### Requirement
The full set of lines below has to be duplicated exactly, with no picture kept.

### The data
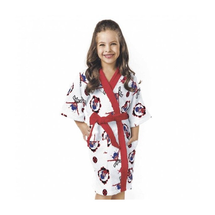 O Roupão Quimono Estampado da coleção Ladybug retrata a heroína em diferentes poses, pronta para mais uma aventura em Paris. Estampa também outros elementos que remetem a série como a mascote Tikki presente em todas as missões e o Miraculous Joaninha que garante seus super poderes. É ideal para enxugar e proteger a garotada após o banho ou piscina. Disponível nos tamanhos: P (4 a 6 anos), M (8 a 10 anos) e G (12 a 14). Apresenta pala e cinto na cor vermelha.
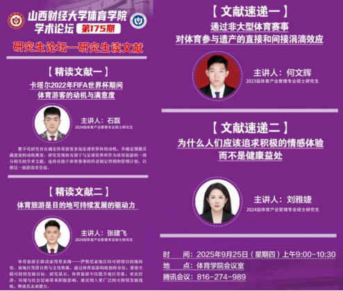 第175期学术论坛暨研究生读文献活动在学院会议室成功举办。本次活动以“体育赛事与旅游的多重效应及可持续路径探析”为主题,聚焦大型与非大型体育赛事对旅游与参与遗产的影响,探讨体育旅游在可持续发展中的价值,并关注人们在体育活动中对情感体验与健康益处的追求。活动由学院学科与研究生办公室主任王雁副教授主持,全体研究生共同参与,现场学术氛围浓厚、思维碰撞频频。
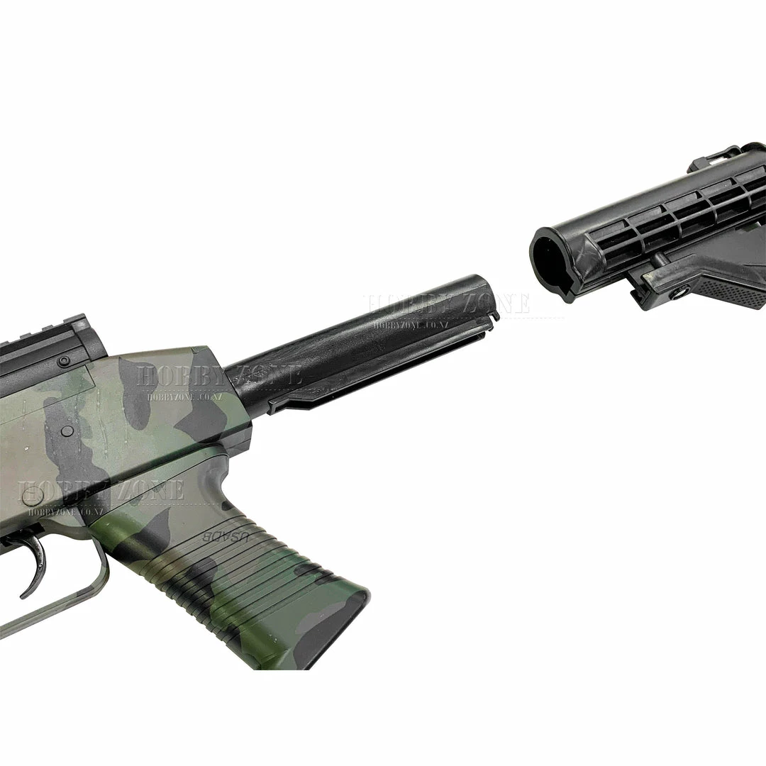 - Buttstock that you can slide backwards so you can slot the battery in.

### Answer section
 O Roupão Quimono Estampado da coleção Ladybug retrata a heroína em diferentes poses, pronta para mais uma aventura em Paris. Estampa também outros elementos que remetem a série como a mascote Tikki presente em todas as missões e o Miraculous Joaninha que garante seus super poderes. É ideal para enxugar e proteger a garotada após o banho ou piscina. Disponível nos tamanhos: P (4 a 6 anos), M (8 a 10 anos) e G (12 a 14). Apresenta pala e cinto na cor vermelha.
 第175期学术论坛暨研究生读文献活动在学院会议室成功举办。本次活动以“体育赛事与旅游的多重效应及可持续路径探析”为主题,聚焦大型与非大型体育赛事对旅游与参与遗产的影响,探讨体育旅游在可持续发展中的价值,并关注人们在体育活动中对情感体验与健康益处的追求。活动由学院学科与研究生办公室主任王雁副教授主持,全体研究生共同参与,现场学术氛围浓厚、思维碰撞频频。
 - Buttstock that you can slide backwards so you can slot the battery in.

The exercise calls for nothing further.